An agency- firing idea

Sox

While rummaging through my sock drawer the other day, I found myself unable to locate a clean, matched pair. I asked my wife if there might be any in the wash. She responded by telling me to check the mismatched sock pile in the laundry room.

The name triggered a Pavlovian response, and I was immediately transported back in time to a major new business pitch we were making.

We were up against some major players and challenged by the prospect to present “ideas that would get an agency fired.”  As you might expect, we soon found ourselves struggling to formulate three truly innovative (and agency firing worthy) suggestions.

En route to the pitch, I found myself with extra time to squeeze in a quick workout. After checking into an airport hotel for the night, I searched for my gym socks. Sure enough, one was M.I.A.

Its absence triggered an immediate thought for the upcoming pitch: where DOES a missing sock go? Why does it leave in the first place and what happens to it afterwards? Does it join a league of other missing socks or go it alone like a clothing world version of Robinson Crusoe?

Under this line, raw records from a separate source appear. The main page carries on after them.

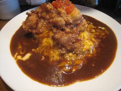 美味卵家 | 洋食 | 東京都千代田区鍛冶町 | ★ (2014.11.2) | 普通 | ![]() | 神田駅のすぐ近く、東口から15秒ほどのガード下にあります。うまたまや、と読みます。オムハヤシライス、オムライスがメインのお店です。店内はカウンター席が8つ、狭いです。全部のせオムハヤシB(1350円)を注文しました。注文するとすぐにスープが出されました。オムハヤシBには、オムハヤシライスの上に唐揚げ、チーズ、カニコロッケが乗っています。オムハヤシライスは、白米にケチャップソースを乗せ、その上にトロトロ卵焼きが乗り、さらにデミグラスソースがかかっています。カロリー満点の一品です。定食メニューもあります。 |
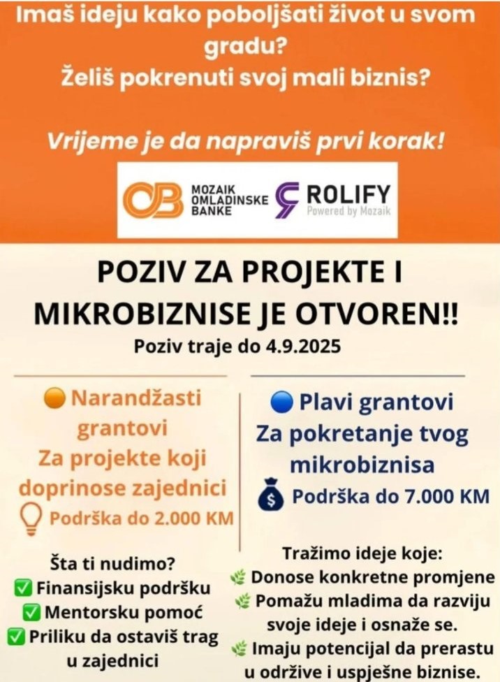 Омладинска банка Брод позива све младе који имају идеје, енергију и жељу да унаприједе своју заједницу или започну властити пословни пут, да искористе ову прилику.
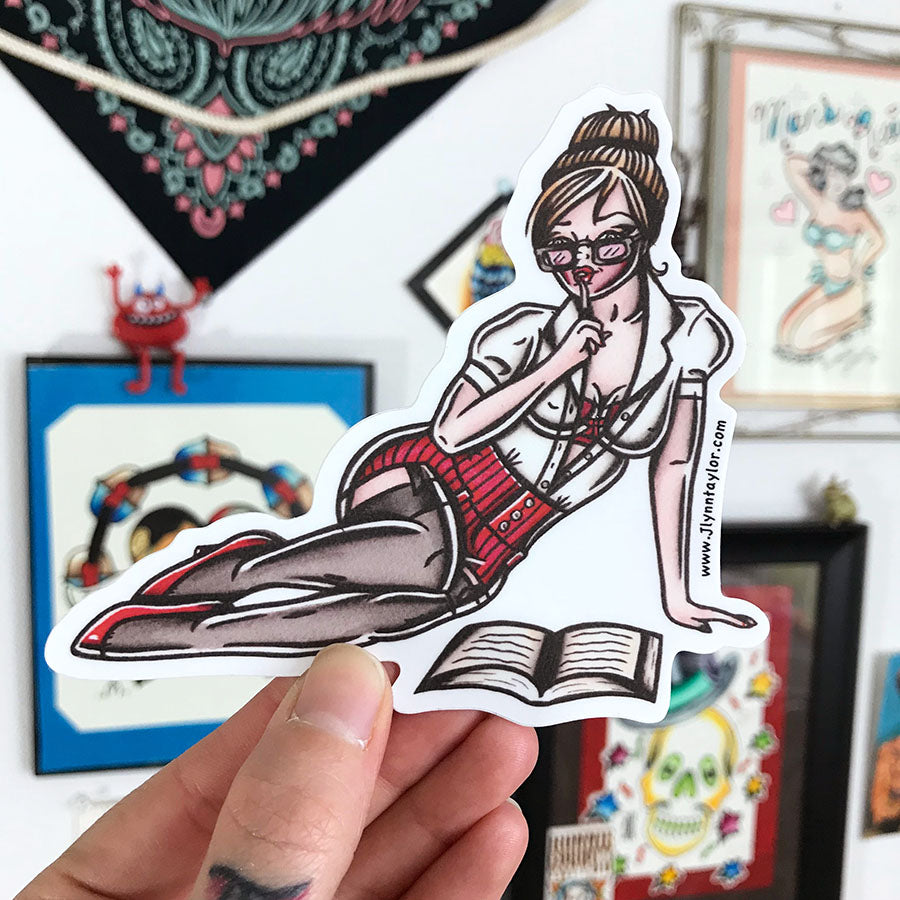 Librarian Pinup die cut sticker on thick vinyl. Weather and scratch proof lasting up to 5 years outdoors. Beautiful quality stickers printed by Rebel Reprints. Approximately 4x4 inches. Original artwork by Jlynntaylor.
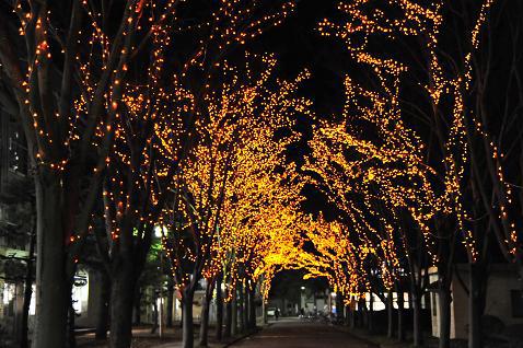 今年のイルミネーションは地球温暖化を意識してエコな、ともしび。発光ダイオード(LED)消費電力の少ない電球を使用。暗い世を照らしている。
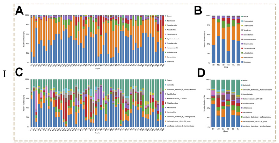 對糞便樣本進(jìn)行16s rRNA基因測序分析,在門、綱、目、科和屬的水平上對微生物群進(jìn)行了鑒定和分析,最終共鑒定到17門、26綱、56目、86科、187屬。主要物種為厚壁菌門和擬桿菌門,其次是放線菌門、疣微菌門和變形菌門。此外,物種主要分布在uncultured_bacterium_f_Muribaculacea屬和lachnospiraceae NK4A136 group,其次是uncultured_bacterium_f_Lachnospirae、Lactobacillus和Akkermansia。
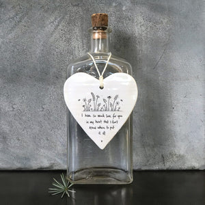 Express your love in the most heartfelt way with the East of India “Have So Much Love for You” Wobbly Hanging Heart. This beautifully crafted porcelain decoration is designed to add a touch of sentiment and charm to any home.
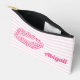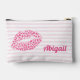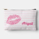 NewParkLane - Bolsa accesoria personalizada y atractiva, con tu nombre en tipografía divertida, dibujada a mano, y un beso de impresión de leopardo rosa, con un fondo de rayas rosadas. Fácil de personalizar en Zazzle con su propio texto para un diseño personalizado. Todos los estilos de texto, colores, tamaños se pueden modificar para adaptarlos a sus necesidades. Proteja esta colección para ver los elementos coincidentes.
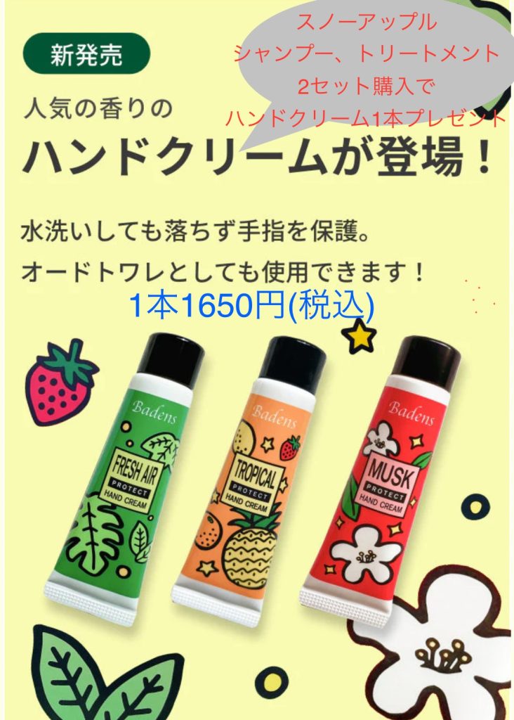 バーデンスハンドクリーム30g1650円を1本プレゼントさせて頂きます。

I shared my idea for the missing sock theme with my teammates. Lacking a third idea and weary beyond words, they readily agreed to let me present it to the prospect later that day. I did. I actually brought my one, remaining white sock to the meeting and, at just the right moment, hurled it across the conference room table at the CMO.

Needless to say he was flummoxed. I then escalated his unease by asking, “So, Jeff, where did this poor white sock's mate go? Where do ALL missing socks go? Is there a sock heaven? We'd like to know. In fact, we think EVERY American housewife (their target audience) would like to know and we'd like to suggest a grass roots campaign to find America's missing socks.”

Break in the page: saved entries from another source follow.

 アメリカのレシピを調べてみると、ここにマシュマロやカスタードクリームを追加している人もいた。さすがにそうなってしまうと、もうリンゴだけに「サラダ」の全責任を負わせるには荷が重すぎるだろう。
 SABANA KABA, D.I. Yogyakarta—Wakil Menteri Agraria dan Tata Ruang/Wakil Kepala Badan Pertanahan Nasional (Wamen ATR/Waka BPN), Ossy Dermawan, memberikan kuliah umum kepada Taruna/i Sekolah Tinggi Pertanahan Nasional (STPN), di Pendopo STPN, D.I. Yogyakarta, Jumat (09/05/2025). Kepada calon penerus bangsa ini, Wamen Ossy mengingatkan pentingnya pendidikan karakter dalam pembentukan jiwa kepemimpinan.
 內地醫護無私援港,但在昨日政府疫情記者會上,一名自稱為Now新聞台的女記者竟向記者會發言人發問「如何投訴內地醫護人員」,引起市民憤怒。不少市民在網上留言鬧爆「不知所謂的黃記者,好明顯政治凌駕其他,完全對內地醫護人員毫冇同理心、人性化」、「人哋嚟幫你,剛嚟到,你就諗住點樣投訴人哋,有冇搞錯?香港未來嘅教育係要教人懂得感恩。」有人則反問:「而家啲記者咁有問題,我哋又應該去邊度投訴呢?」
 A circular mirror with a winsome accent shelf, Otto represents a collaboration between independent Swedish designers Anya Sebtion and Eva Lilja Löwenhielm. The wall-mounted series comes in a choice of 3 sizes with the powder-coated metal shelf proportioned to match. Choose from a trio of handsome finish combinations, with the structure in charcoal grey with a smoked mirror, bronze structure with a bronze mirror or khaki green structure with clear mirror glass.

Jeff and his team loved the idea. We were hired on the spot. And, just as quickly, the missing sock idea went, well, missing. It remains M.I.A. to this day.

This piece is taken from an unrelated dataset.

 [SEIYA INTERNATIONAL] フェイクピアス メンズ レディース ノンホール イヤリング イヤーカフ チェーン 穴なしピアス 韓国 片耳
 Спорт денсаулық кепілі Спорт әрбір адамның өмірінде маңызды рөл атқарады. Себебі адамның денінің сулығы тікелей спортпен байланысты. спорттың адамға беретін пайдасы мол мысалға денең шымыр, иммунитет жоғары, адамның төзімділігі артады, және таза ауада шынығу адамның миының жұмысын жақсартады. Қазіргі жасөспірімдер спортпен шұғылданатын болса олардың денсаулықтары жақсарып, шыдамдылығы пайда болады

Most big ideas that win new accounts never see the light of day.  Why? There are a number of reasons:

– The prospect's only interested in seeing how creative the contenders can be
– The prospect's really not interested in pushing the envelope and risking failure
– The prospect doesn't have the budget needed to implement the truly big idea.

It can be frustrating to nail a really big concept, have the prospect buy it (and you) and later be told it won't be implemented. But, the subsequent fees can sure ease the pain.

How about you? Have you ever presented great ideas that, despite winning universal acclaim from the client, never saw the light of day? If so, spill the beans. My sock story needs company.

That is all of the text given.